[Date Prev][Date Next][Thread Prev][Thread Next][Date Index][Thread Index]

Re: [Condor-users] State transition for peempted jobs and its implication with Condor-G



On Feb 15, 2008, at 1:56 PM, Barnett P. Chiu wrote:

When a job is temporarily suspended by a higher priority job, what state does it go into? I got the impression that job state will become idle and the job will sit in the queue, waiting for a match again. But will it go through 'hold' state before becoming 'idle' and if so, will this transition (R-> (H?) -> I) reflect on condor_q?

I guess a possibility that a job being preempted could go into a 'hold' state is when this particular job is being checkpointed (therefore, file staging is involved => hold state).

The startd may choose to suspend a running job for a number of reasons (configurable by the admin), one of which may be a job running on a different slot on that machine. In this case, the suspended job will be marked as Running in the job queue.
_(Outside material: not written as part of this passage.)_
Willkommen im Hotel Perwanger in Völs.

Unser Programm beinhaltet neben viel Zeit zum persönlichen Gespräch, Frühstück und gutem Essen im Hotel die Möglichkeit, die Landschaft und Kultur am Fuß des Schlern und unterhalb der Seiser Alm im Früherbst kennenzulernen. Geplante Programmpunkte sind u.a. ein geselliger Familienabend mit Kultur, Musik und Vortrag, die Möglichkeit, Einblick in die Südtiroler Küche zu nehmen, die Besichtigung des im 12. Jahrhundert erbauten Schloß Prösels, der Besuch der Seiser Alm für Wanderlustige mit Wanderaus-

A startd may also decide to evict a job from the execution machine. One reason for this is there's another job the startd would rather run in that slot. In this case, the evicted job returns to Idle status, awaiting another match.
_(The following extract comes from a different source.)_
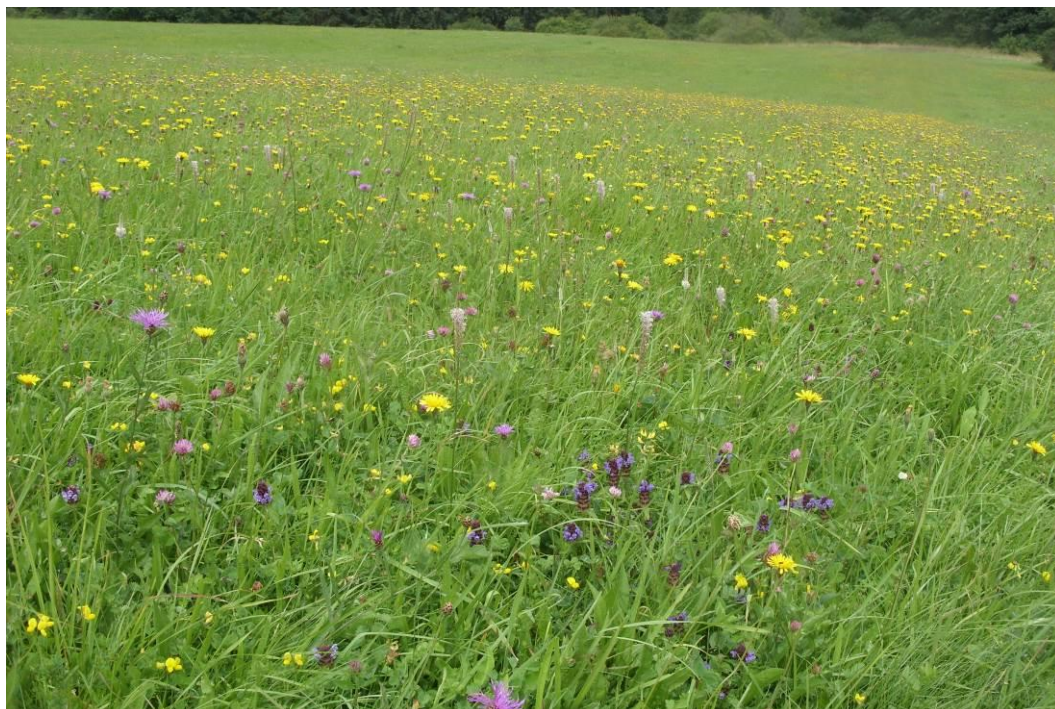
Foto 7: Wechsellrockene bis wechselfeuchte magere Flachland-Mähwiese am östlichen Königsberg, westlich von Rutsweiler – BT-6411-0080-2012
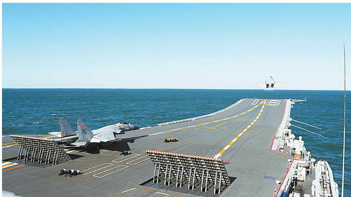
飞行学员驾驶歼-15舰载战斗机在辽宁舰滑跃起飞(资料照片)

This reminds me of another question: when a job is submitted in Condor-G, grid manager on the remote gatekeeper will forward this job to Condor (assuming the underlying batch system is Condor) and let it schedule the job, but in which universe will the site's native Condor run the job in?

The default for GRAM is to submit the job in the vanilla universe.
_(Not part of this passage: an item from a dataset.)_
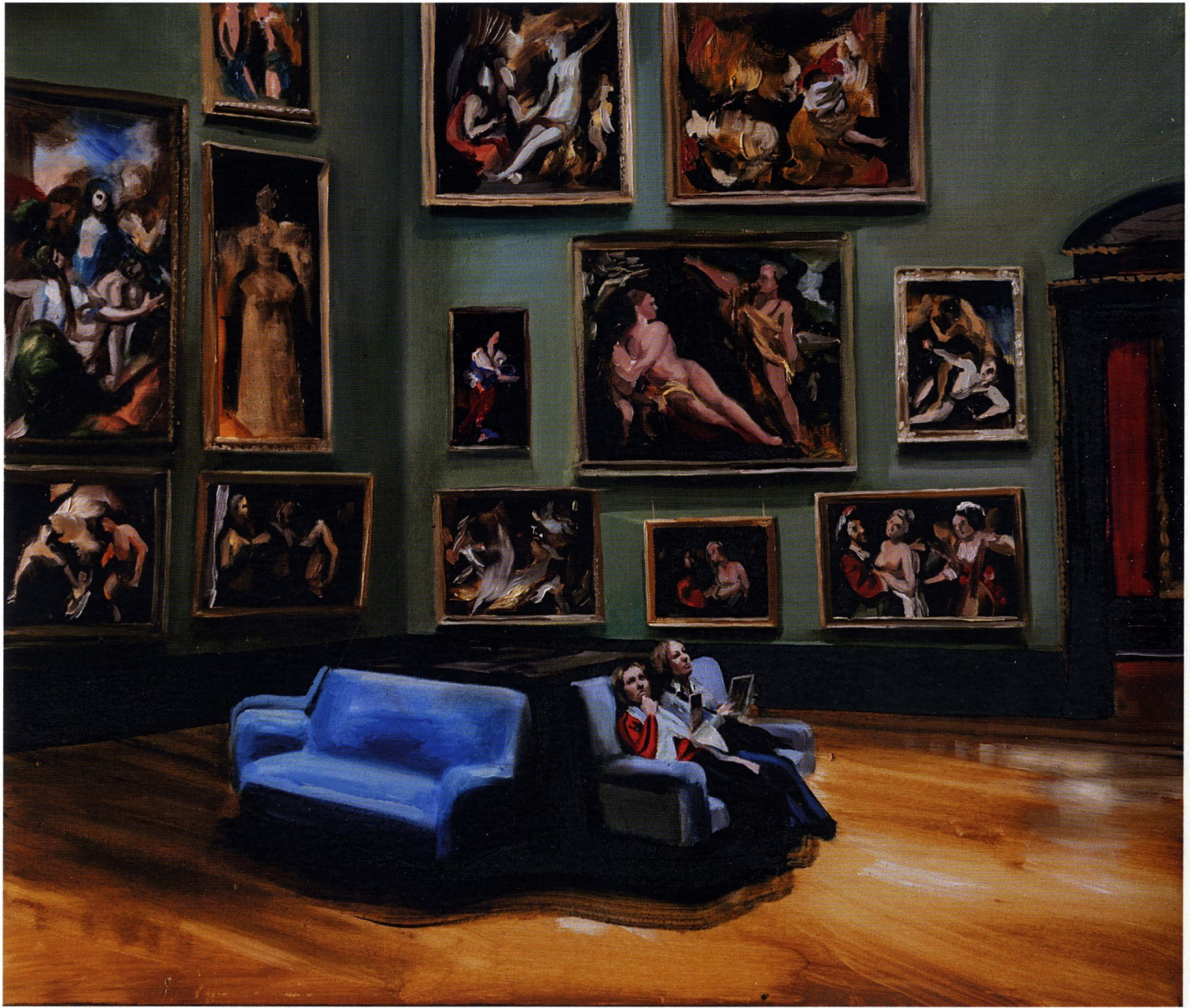
Muzeum II / 60 x 70 cm / olej na płótnie / 2016 r.

If job ends up being scheduled as a Vanilla job, then how would this job receive a checkpointing service? Is it the case that the jobmanager, in the meantime, also somehow watches over the job while it is being executed on the worker node and hence, even though it is being run as a Vanilla job, checkpointing could still be achieved?

Of course, thoughts above were based on my impression that Condor-G does support checkpointing but I am not sure on which level it is achieved. Or Condor-G job does not support checkpointing at all?

Condor-G and GRAM do not directly support checkpointing of jobs. The batch scheduler behind GRAM may support it, though.

Is there a possibility that jobmanager on gatekeeper could somehow "inform" the its native Condor to scheduler jobs in a universe other than Vanilla?


When Condor is the batch system behind GRAM, the client can make additions and modifications to the Condor submit file that GRAM writes with the 'condor_submit' RSL attribute. Here's an example of how to use it in a Condor-G submit file:

globus_rsl = (condor_submit=(universe standard)(priority 10))

Thanks and regards,
Jaime Frey
UW-Madison Condor Team